Question

The upper $3/4$ th portion of a vertical pole subtends an angle ${\tan }^{-1}3/5$ at a point in the horizontal plane through its foot and at a distance $40m$ from the foot.
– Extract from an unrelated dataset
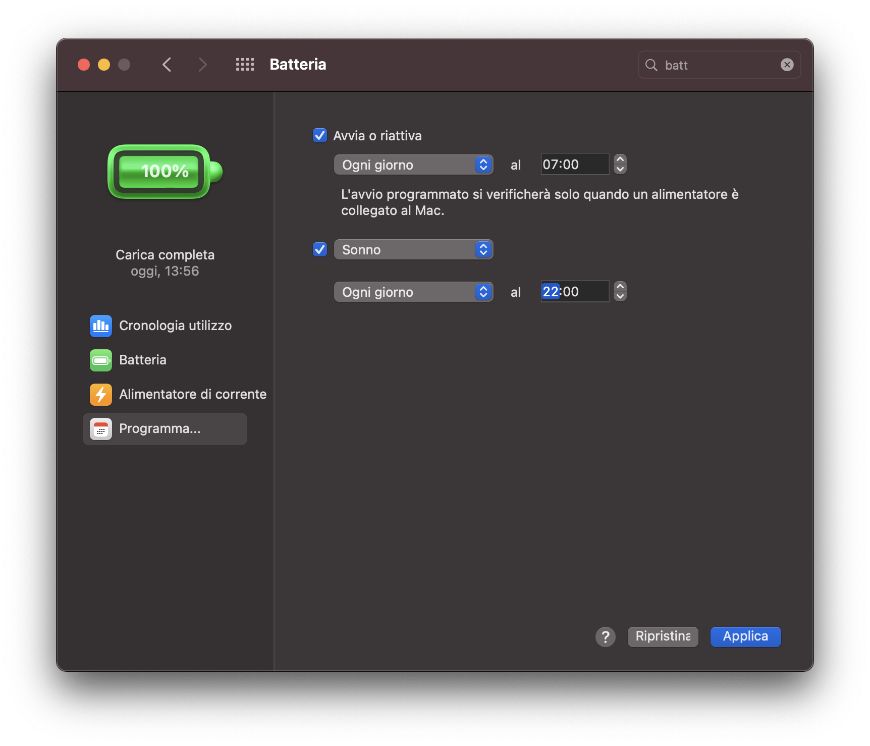 C’è anche un’opzione per pianificare l’avvio o la riattivazione del Mac ad un orario specifico. Se vogliamo che il nostro dispositivo sia pronto in un momento specifico e che passi automaticamente alla modalità di sospensione quando non lo stiamo utilizzando, la funzione di pianificazione può essere di grande aiuto.
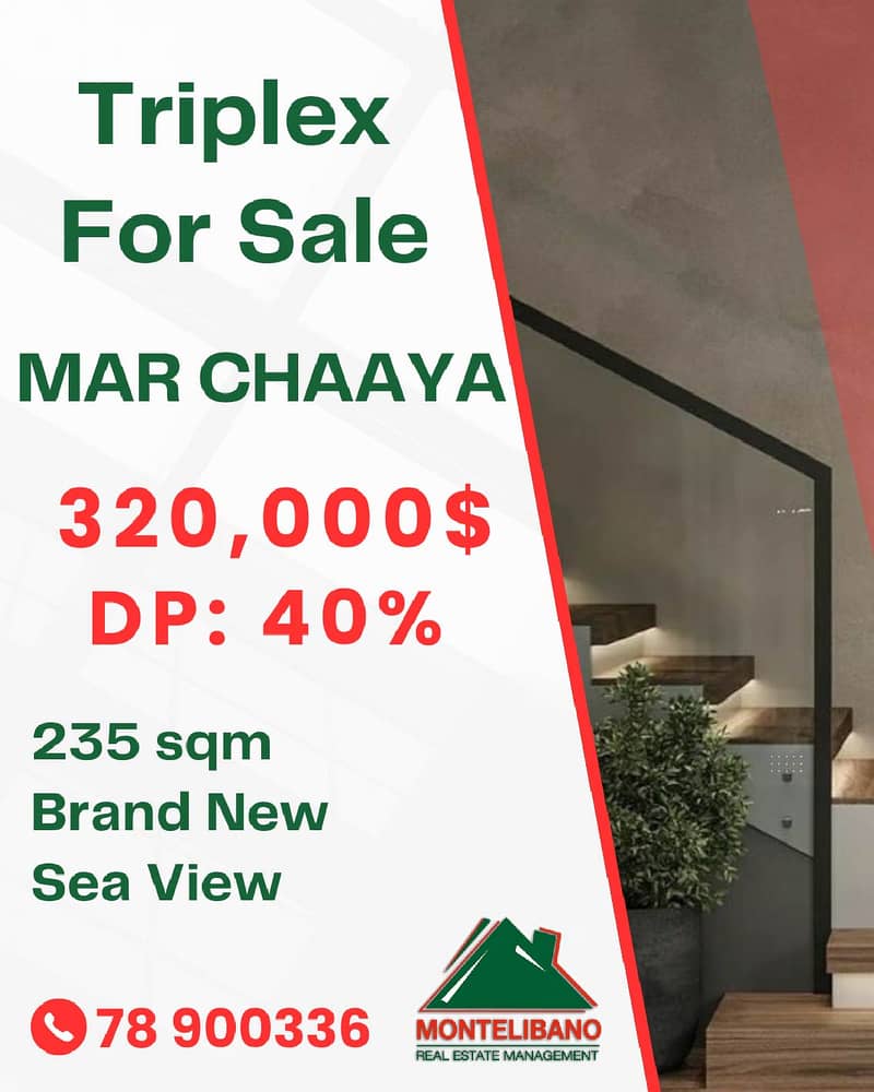 Brand New 235 sqm Triplex For Sale in Mar Chaaya (مار شعيا) with an Installment Plan and Sea View

A possible height of the vertical pole is :

• A. $20m$
• B. $40m$
• C. $60m$
• D. $80m$

Answer 1

Answer: (B)

Given ${\theta }_2={\tan }^{-1}\frac{3}{5}$

$\tan {\theta }_2=\frac{3}{5}$
ln $\Delta AOC,\tan {\theta }_1=\frac{AC}{OA}$
$=\frac{\frac{1}{4}h}{40}=\frac{h}{160}$
In $\Delta AOB$,
$\tan \left({\theta }_1+{\theta }_2\right)=\frac{AB}{OA}=\frac{h}{40}$
$\frac{\tan {\theta }_1+\tan {\theta }_2}{1-\tan {\theta }_1\tan {\theta }_2}=\frac{h}{40}$
$\Rightarrow \frac{\frac{h}{160}+\frac{3}{5}}{1-\frac{h}{160}\times \frac{3}{5}}=\frac{h}{40}$
$\frac{5[h+96]}{800-3h}=\frac{h}{40}$
$\Rightarrow 200[h+96]=800h-3h^2$
$\Rightarrow 200h+19200=800h-3h^2$
$\Rightarrow 3h^2-600h+19200=0$
$\Rightarrow h^2-200h+6400=0$
$\Rightarrow (h-160)(h-40)=0$
$\Rightarrow h=160$ or $h=40$
$\therefore$ Height of the vertical pole $=40m$.